March 10, 2019: Ethiopian Air Flight 302, a 737 Max that had been in service only for a year, slams into the ground at 575 mph just six minutes after takeoff. Despite frantic attempts by the pilots to bring the aircraft under control, the MCAS had put the aircraft into a fatal nosedive. The crash kills all on board. Three days later, despite pleas from Boeing, the Federal Aviation Administration grounds all 737 Max aircraft.
Lawsuits, reduced aircraft orders, falling investor confidence and traveler trepidation after these crashes could result in Boeing stock sinking faster than, well, the 737 Max. United Airlines announced just last week that the company was replacing its aging Boeing 757 fleet with the Airbus A321XLR.
Boeing has been lobbying hard to aviation industry leaders, flight attendant and pilot unions to try to bolster passenger confidence that the grounded 737 Max will safely return to service soon. Two days of meetings in Seattle last week were big on spin, but short on facts. Boeing allowed no media at the meetings, and no time frame for getting the 737 Max airborne. So much for transparency.
This campaign for consumer confidence was hoping to overshadow an Oct. 29 hearing by the Senate Commerce Committee. Boeing CEO Dennis Muilenburg withstood withering criticism like that of Sen. Richard Blumenthal, D-Conn., who was infuriated with not only Boeing, but the FAA as well. The senator fumed that his phone calls had not been returned, and that some documents the committee had requested had been redacted. He called the 737 Max a “flying coffin.”
These accidents didn’t have to happen. The 737 Max was hastily built by Boeing to compete with their competition’s more fuel-efficient Airbus NEO. To reduce airline training costs, the faulty MCAS system was not revealed. According to a 737 Max pilot, the maintenance manual (not the flight manual) was the only place MCAS was even mentioned. And then, only once.
The way Boeing and the FAA have responded to the two terrible tragedies of these 737 Max crashes, which resulted in 346 passengers and crew killed only three months apart, have left many to question the cozy relationship between Boeing and bureaucrats.
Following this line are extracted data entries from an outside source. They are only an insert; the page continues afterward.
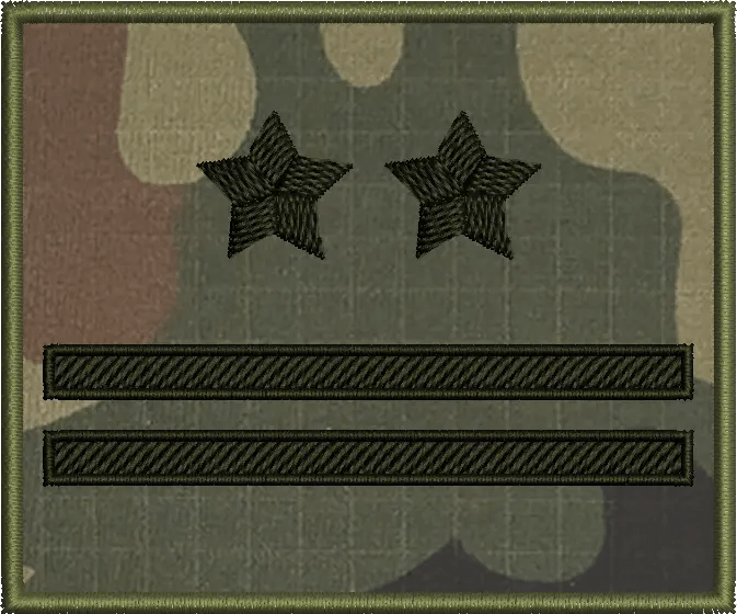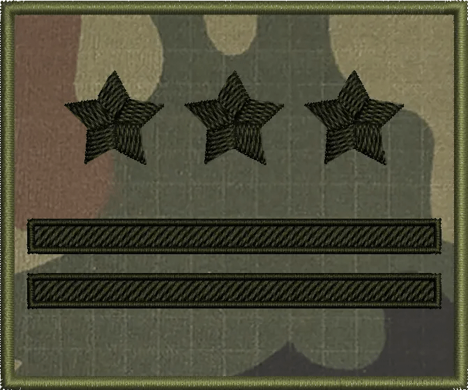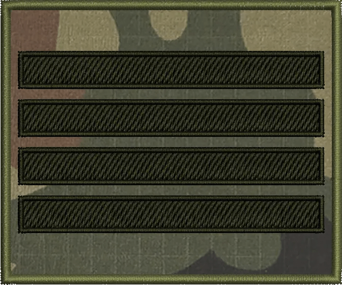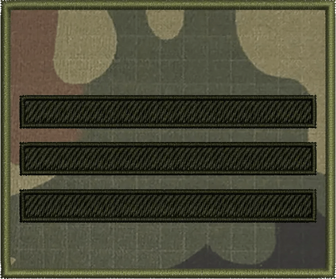 | Stopień | szeregowy, starszy szeregowy, starszy szeregowy specjalista, kapral, starszy kapral, plutonowy, sierżant, starszy sierżant, młodszy chorąży, chorąży, starszy chorąży, starszy chorąży sztabowy, podporucznik, porucznik, kapitan, major, podpułkownik, pułkownik |
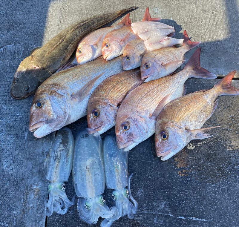 皆さんティップランや鯛ラバで楽しんでいただきましてアオリイカも真鯛も全員安打、真鯛は複数安打でした😁
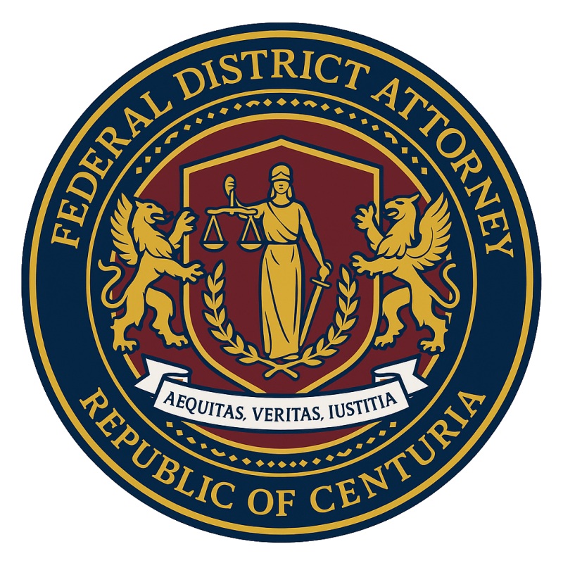 Behandelt alle federale strafzaken namens de staat Centuria.
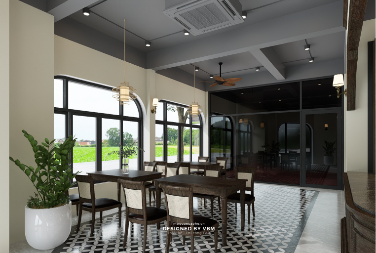 - Không gian mở: Cửa kính lớn tận dụng ánh sáng tự nhiên, mang lại cảm giác thoáng đãng và gần gũi với thiên nhiên.
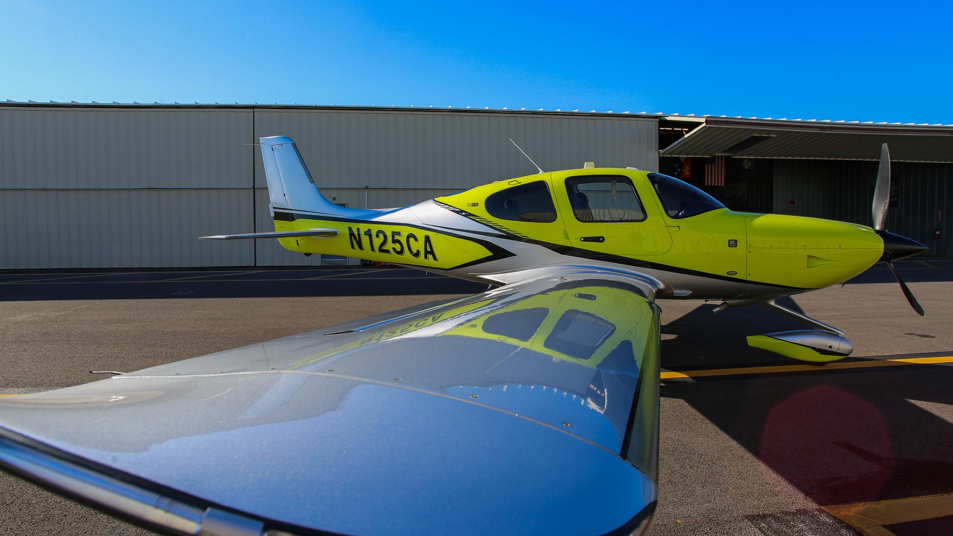 The exterior of N125CA is nothing short of show-stopping. Dressed in a brilliant Volt Yellow base accented by sleek Sterling Silver detailing, this G7 SR22 GTS looks like it’s moving fast even when it’s parked. The vibrant yellow dominates the fuselage with an energetic, high-visibility flair, while the silver accents trace the aircraft’s elegant lines, adding a touch of sophistication to the boldness. It’s a combination that perfectly sums up what this aircraft is all about—confidence, performance, and style that can’t be ignored. Whether taxiing across the ramp or climbing through the clouds, N125CA turns every flight into an entrance.
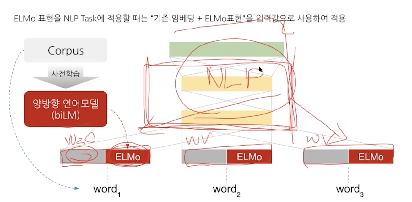 - elmo: 문맥에 따라 임베딩 -> 여러가지 벡터로 표현한다는 건가?
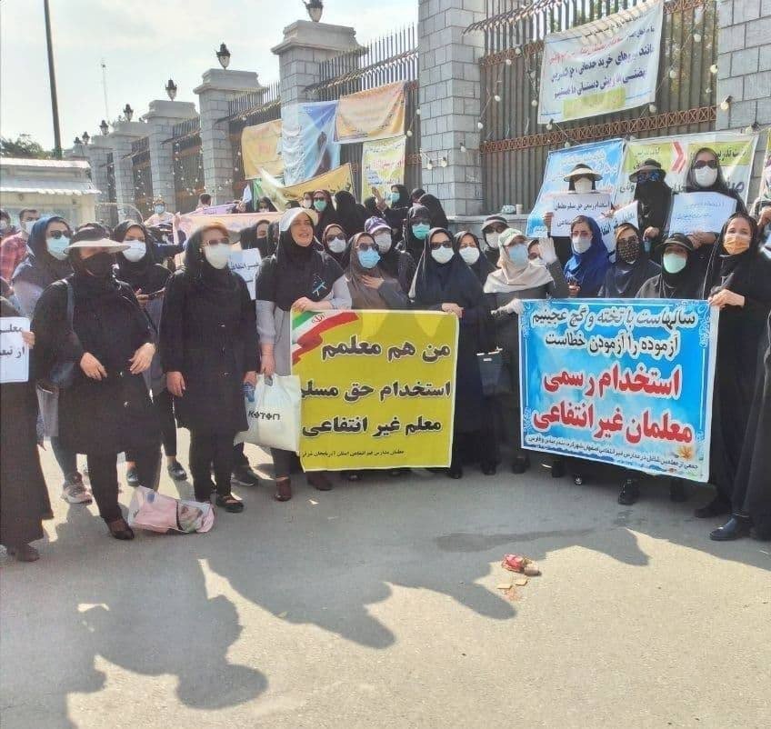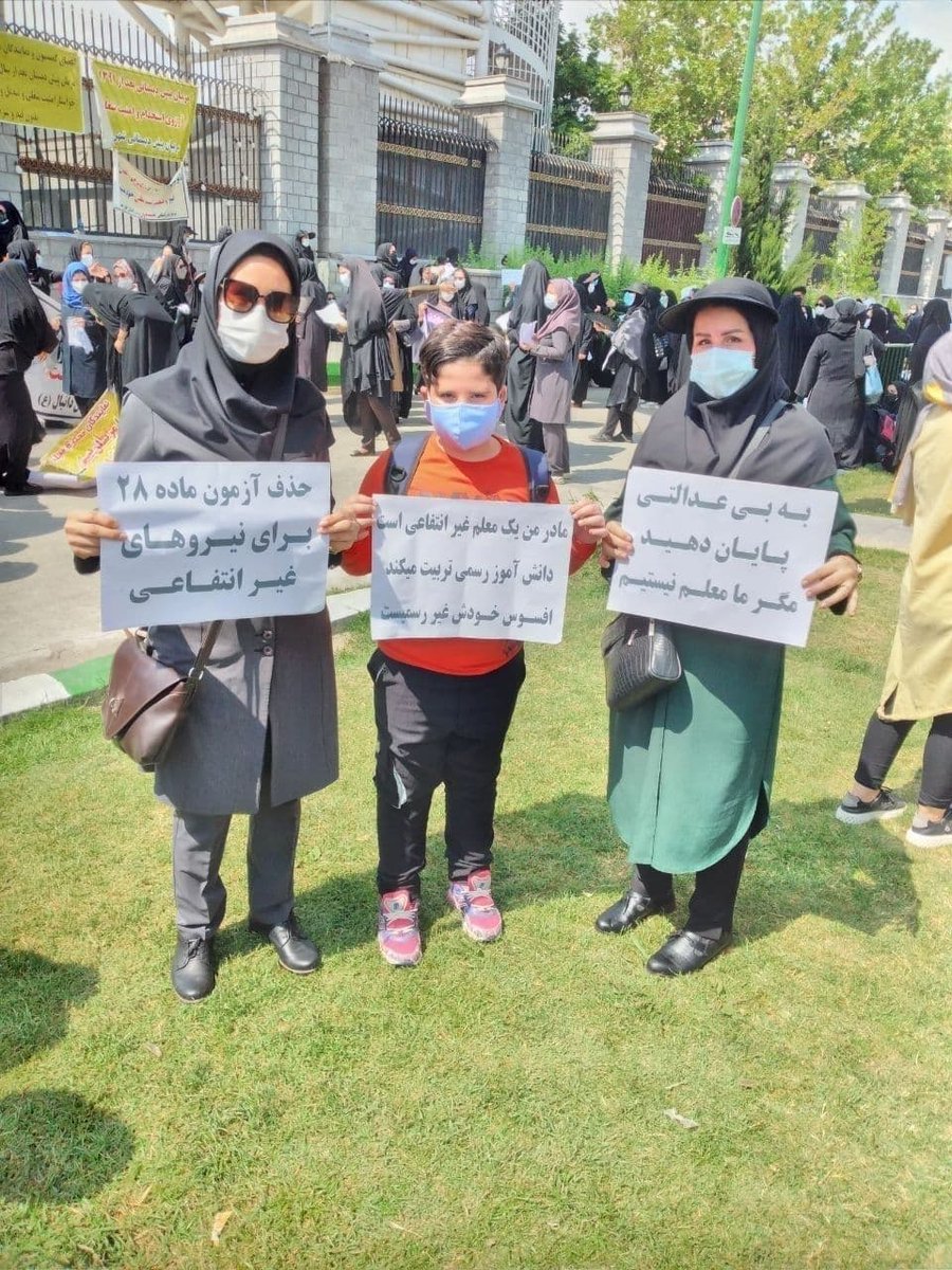 #معلمان در مقابل مجلس: «مادر من یک#معلم غیرانتفاعی است. دانشآموز رسمی تربیت میکند. افسوس خودش غیررسمی است.»#راى_من_سرنگونىpic.twitter.com/NgNXTUQ4jl

There appears to have been a “regulatory capture” of government oversight, according to Ralph Nader, the godfather of corporate whistleblowers. Boeing’s spin doctors are working overtime, but can they fix it? Will the FAA ensure the aircraft is safe? Congress must work together to make sure the 737 Max is safe, and that the pilots are adequately trained before the 737 Max flies again. If ever.